The Rev. Stacy Gahlman-Schroeder of Norway Grove Memorial Lutheran Church in DeForest, Wisconsin, plans to stand in the church parking lot throughout the day, dipping disposable Q-tips into the ashes, rather than her finger, or offering a blessing, if it’s preferred.

As cold as that sounds, Gahlman-Schroeder is looking forward to it.

“I’m selfish on this,” she said. “I really do want to see the faces again.

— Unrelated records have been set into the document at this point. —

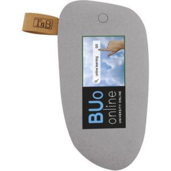 Compact 4000 mAh power bank in the shape of a stone. Battery level is indicated with 4 lights. Includes micro USB cable.
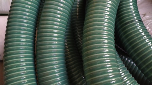 Wąż ze zmiękczonego PVC ze spiralą z twardego PVC oraz gładką powierzchnią wewnętrzną.
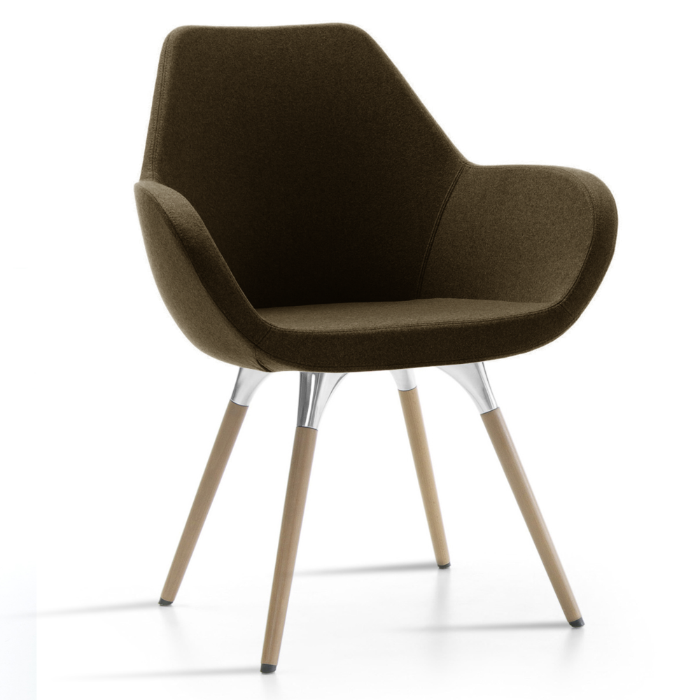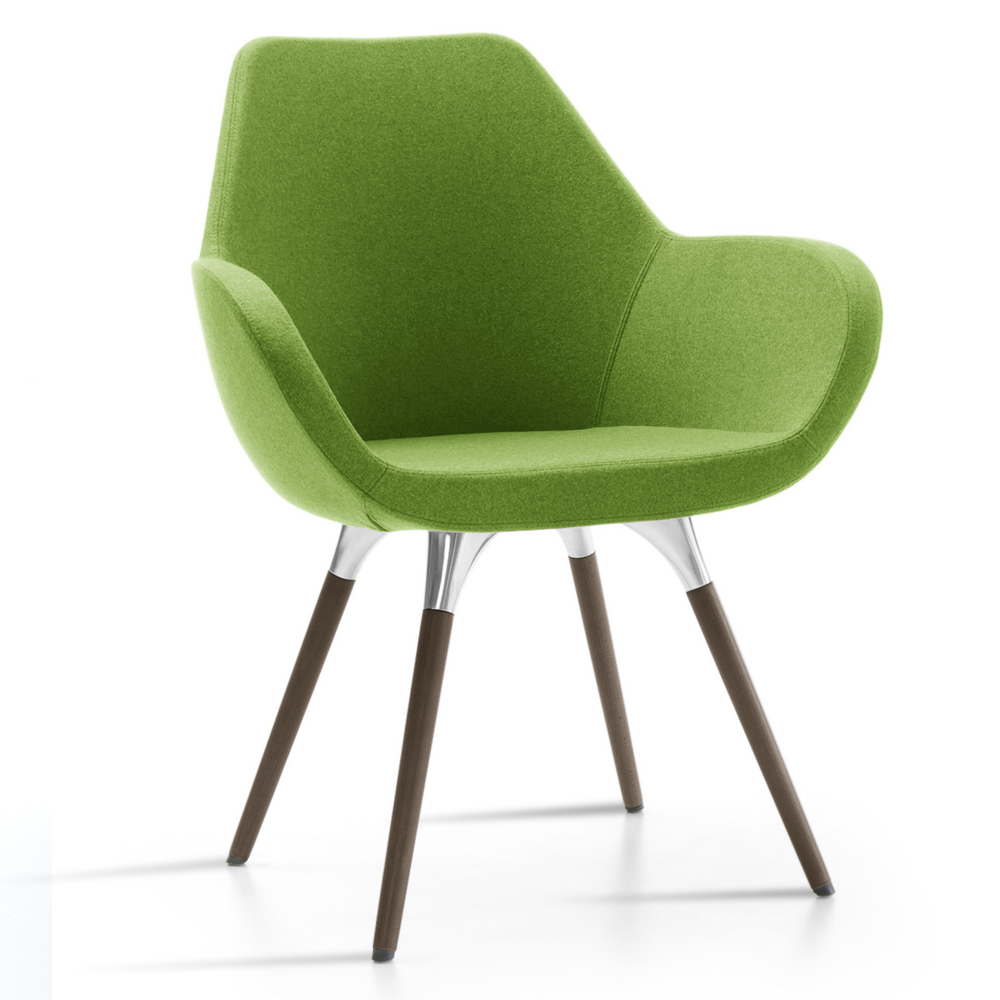 Die Fan-Sessel sind ein ausdrucksvoller Akzent in Büroräumen, verleihen ihnen aber zugleich Leichtigkeit. Die offene Form der Sitzschale ermuntert zu Gesprächen und zum kreativen Ideenaustausch.
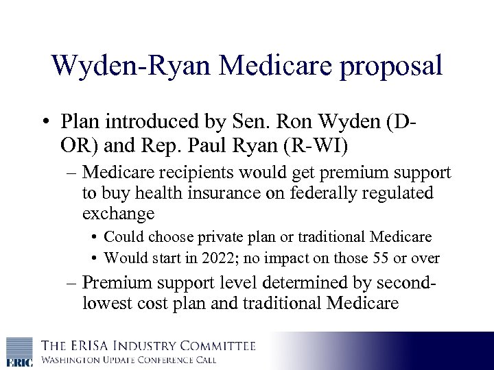 Wyden-Ryan Medicare proposal • Plan introduced by Sen. Ron Wyden (DOR) and Rep. Paul Ryan (R-WI) – Medicare recipients would get premium support to buy health insurance on federally regulated exchange • Could choose private plan or traditional Medicare • Would start in 2022; no impact on those 55 or over – Premium support level determined by secondlowest cost plan and traditional Medicare
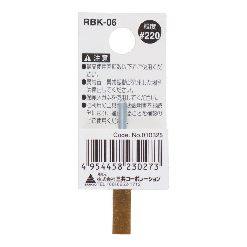 三共コーポレーション 4348644 RBK-06軸付ゴム砥石砥粒入り円筒型#220 1個(ご注文単位1個)【直送品】
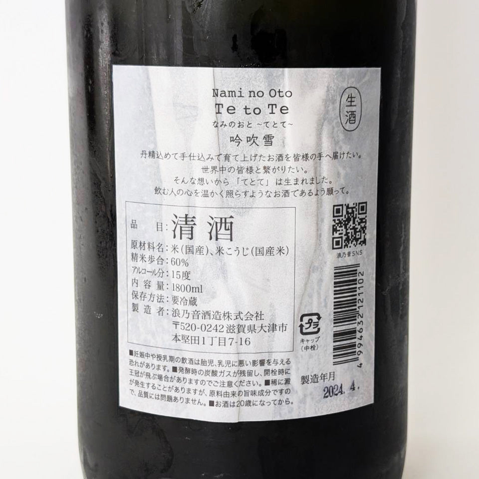 浪の音 Nami no Oto TE to TE(なみのおと てとて)純米吟醸 吟吹雪 火入れ
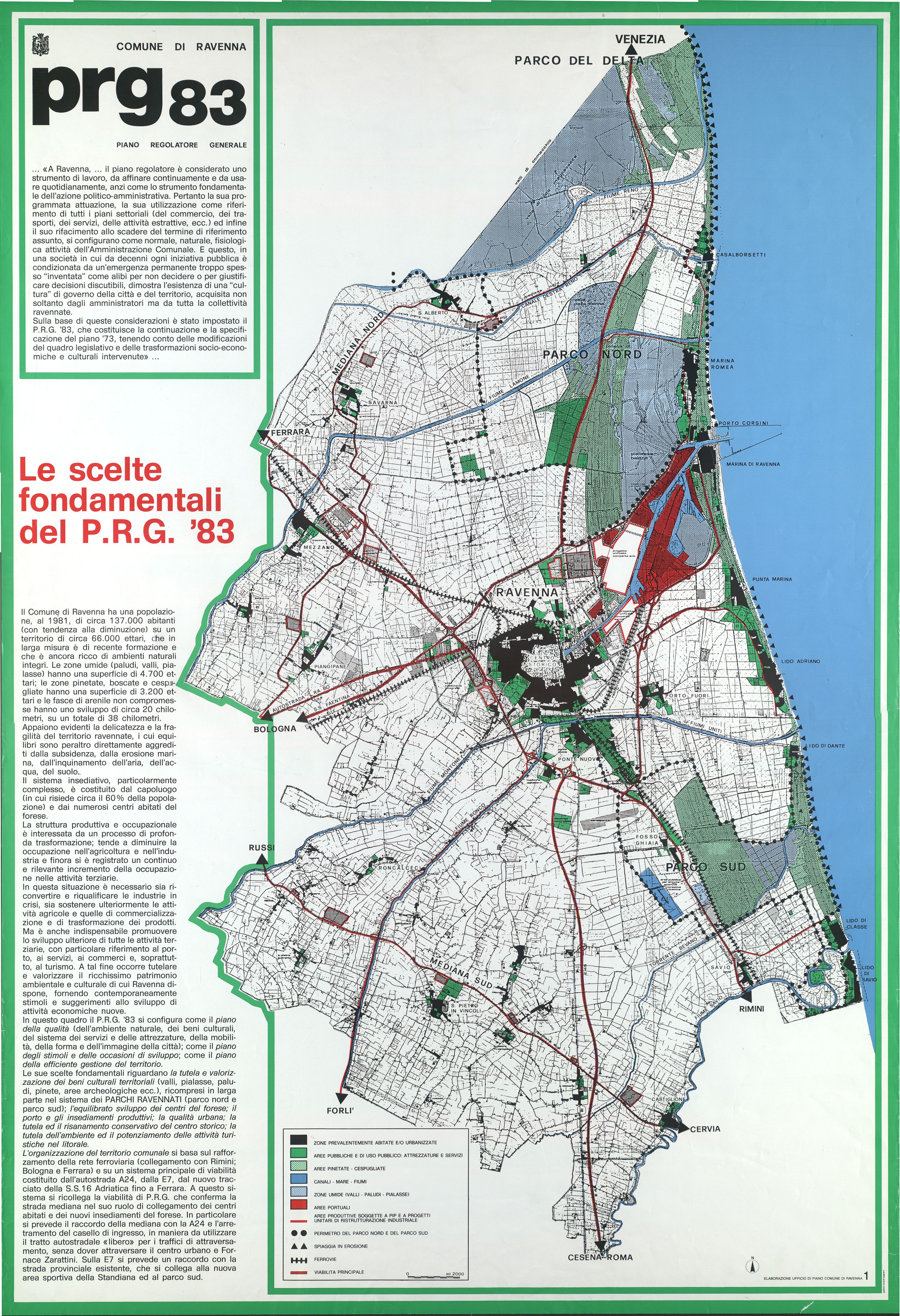 7 manifesti: offset; 100x70 cm. ((Le scelte fondamentali del PRG '83; Le scelte di piano: il porto e gli insediamenti produttivi per lo sviluppo dell'economia ravennate; Le scelte di piano: la qualità urbana, il sistema dei luoghi centrali, la residenza, i servizi sociali; Le scelte di piano: tutela e risanamento conservativi del centro storico; Le scelte di piano: tutela dell'ambiente e potenziamento dell'ambiente delle attività turistiche sul litorale.
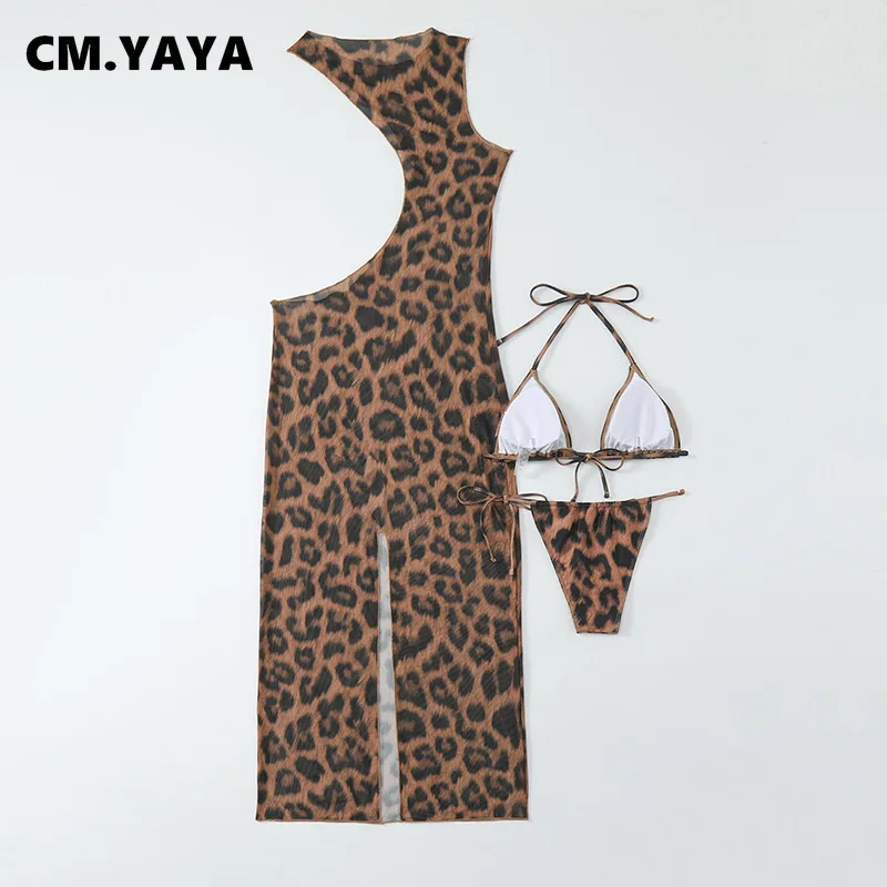 CM.YAYA Women Beach Bikini Set with Cutout Leopard Printed Sexy Long Bodycon Swimsuit Three 2 Piece Set Swimwear Bathing Suit
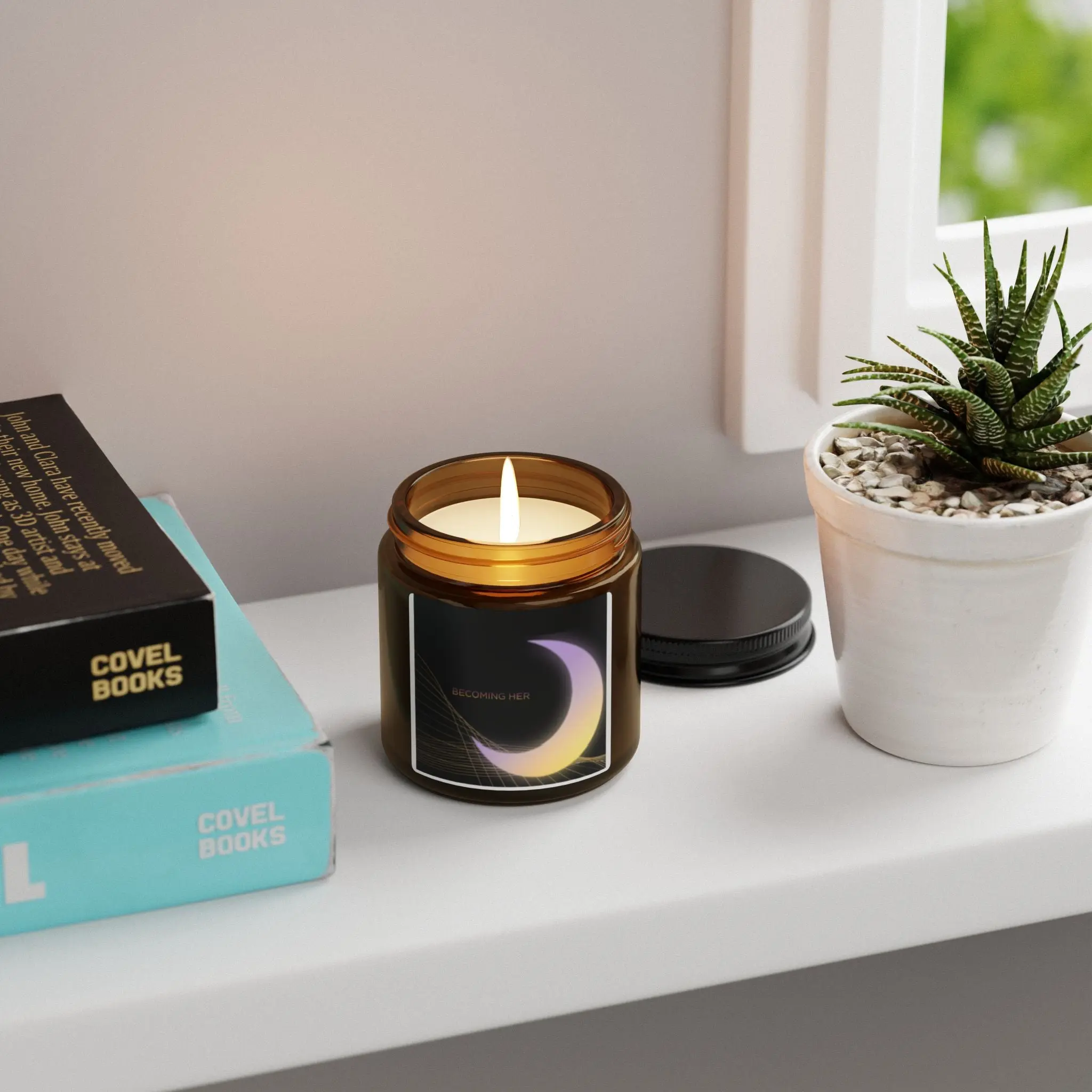 - Reusable amber glass jar — clean and repurpose as decor after burning.
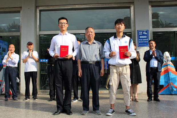 高职学院副院长常理群为获得最佳组织奖的班级颁奖并合影
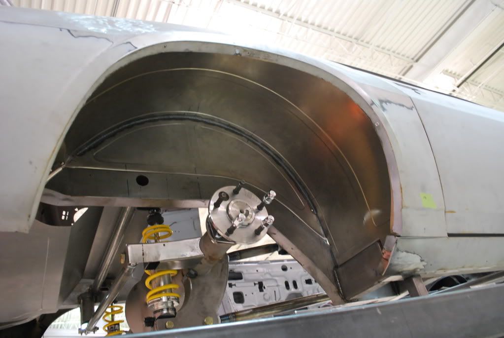 (The car had already been primed and the fenders painted when we received it. All of this will eventually be re-done.)
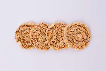 Rice cracker with coconut palm sugar on white
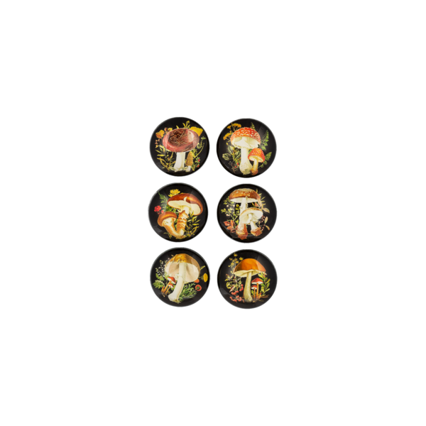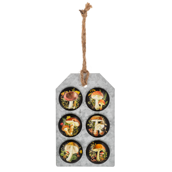 - Set of 6 round glass magnets, each themed magnet is approximately 1 3/8" diameter and comes wrapped in cellophane on the galvanized aluminum board shown
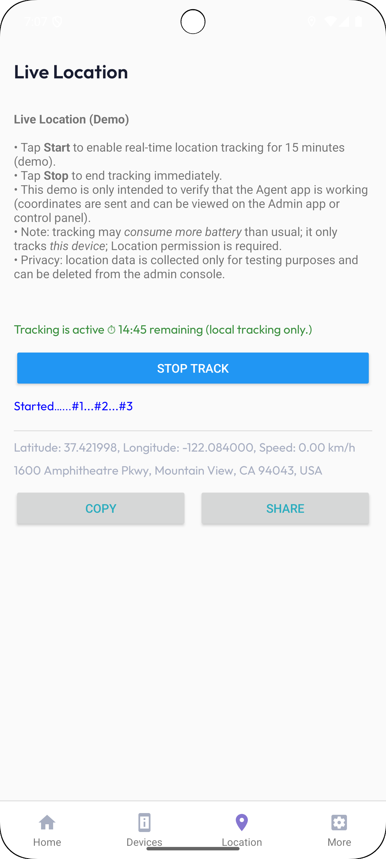 * This is intentional to **save battery**, as the Agent App’s role is limited to collecting and sending GPS data.
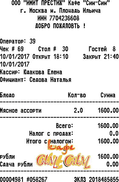 Срок изготовления чека кафе или ресторанного счета с кассовым чеком или без него будет максимально кротчайшим. Мы гарантируем оперативность!
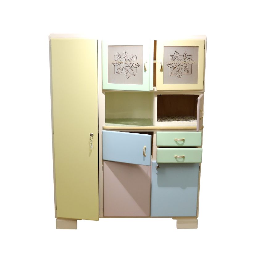Diese Kredenz (Küchenschrank) hat ein charmantes, retro-inspiriertes Design mit einer Kombination aus sanften Pastellfarben — darunter Gelb, Mintgrün, Hellblau und Beige.
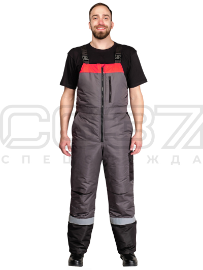 Полукомбинезон рабочий зимний "Азимут" с СОП цв.серый/красн/черн тк.таслан в Уфе
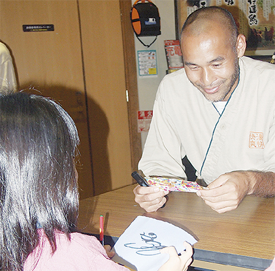 元サッカー日本代表で現在はSC相模原に所属する高原直泰選手が8月28日、市内広野台の湯快爽快ざまを訪れ、ファンとの交流を深めた。
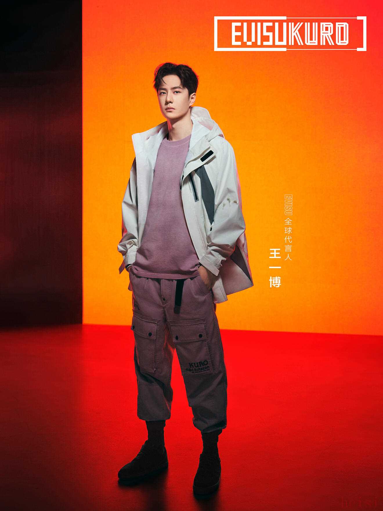 「KURO」在日语中意为黑色,代表力量、神秘、自信、强大、独立、进取。黑与白犹如光与影的关系,犹如王一博演艺生涯也正是围绕光与影。EVISUKURO 作为 EVISU 衍生的独立品牌,区别于 EVISU 的丹宁元素,而是用色彩来强调黑,用平凡创造独特。主打「BEYOND DENIM, BEYOND BLACK.」的 EVISUKURO 在本季呈现出与过去不同的多样魅力,其中「BEYOND DENIM」意味着 EVISUKURO 不仅会延续品牌最经典的 Denim 基因,还会有其它多变、多元的元素。例如本季 EVISUKURO 将运动、机能等元素与 Hi-Street 风格融合,营造集休闲与时尚于一身的运动造型 Athleisure Look。通过极简面料和强烈图案的碰撞,让整个系列充满科技感与未来气息。再以不对称的剪裁打破固有结构,令柔和之中带着一丝率性不羁,更贴近「天上天下,唯海鸥无二」的主题。
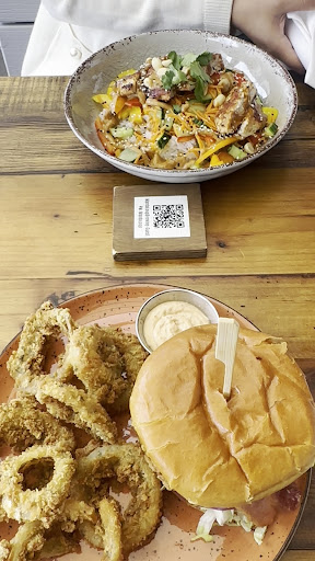 My burger was decent, albeit smaller than the advertised 6oz size. I eat steaks and burgers all the time so i know what a 6oz patty or 12oz New York strip loin is supposed to look like. Anyway, my wife's burger was quite salty and she didnt even have bacon on hers. And the tacos may as well be coleslaw with deep fried batter because the shrimp was barely noticeable for $18. I almost forgot, i dont think I've seen more sorry looking fries except for a few times at a run down Mac Donald's or something similar. More than half of them looked kind of dark and discolored.
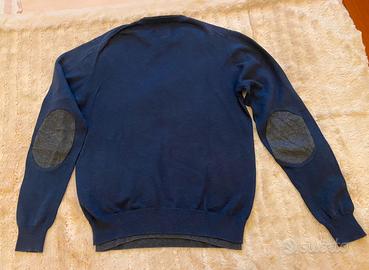 Indossato poche volte, 15 per cento cashmere, doppio bordo nel collo e in fondo con il grigio come le toppe
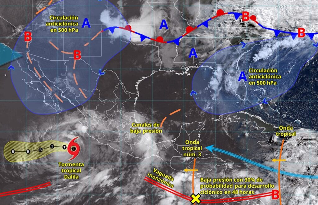 La tormenta tropical Dalila continuará su desplazamiento hacia el oeste-noroeste, alejándose poco a poco de las costas mexicanas. No obstante, su amplia circulación seguirá generando lluvias fuertes a muy fuertes en Sinaloa, Colima y Michoacán, y precipitaciones intensas en Nayarit y Jalisco. Además, se esperan vientos con rachas de 40 a 60 km/h y oleaje elevado en las costas de estas entidades, así como en la zona oriental y sur de Baja California Sur.
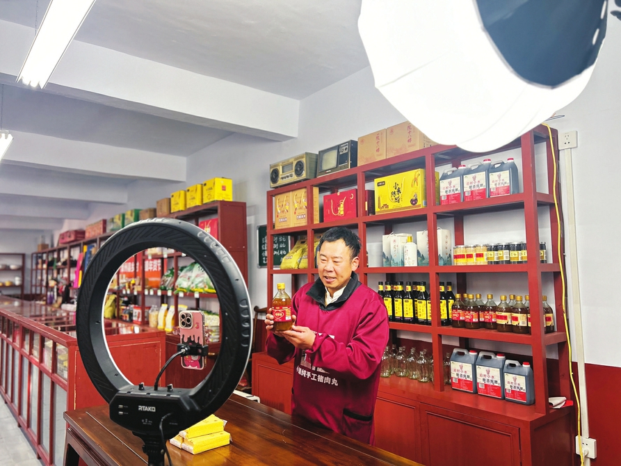 宋小朋在保福村供銷(xiāo)社里直播推介當(dāng)?shù)剞r(nóng)產(chǎn)品。晉睿攝
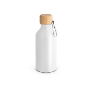 Descrição: Squeeze em alumínio 100% reciclado com cor sólida brilhante. A squeeze tem uma tampa em bambu, à prova de água, e mosquetão que facilita o transporte. Capacidade até 400 mL. Certificação EU Food Grade. A cor e o resultado da impressão nos materiais naturais pode variar entre produtos. ø66 x 171 mm

It’s been a long year.”

Other recommendations from the Ecumenical Consultation on Protocols for Worship, Fellowship, and Sacraments include distributing ashes to congregants for their personal use — Scripture, the document points out, describes people sprinkling themselves with ashes. The group also approved the Vatican’s recommendation for priests to mix ash with holy water and wordlessly sprinkle it on congregants.

And it suggested churches can forgo ashes altogether.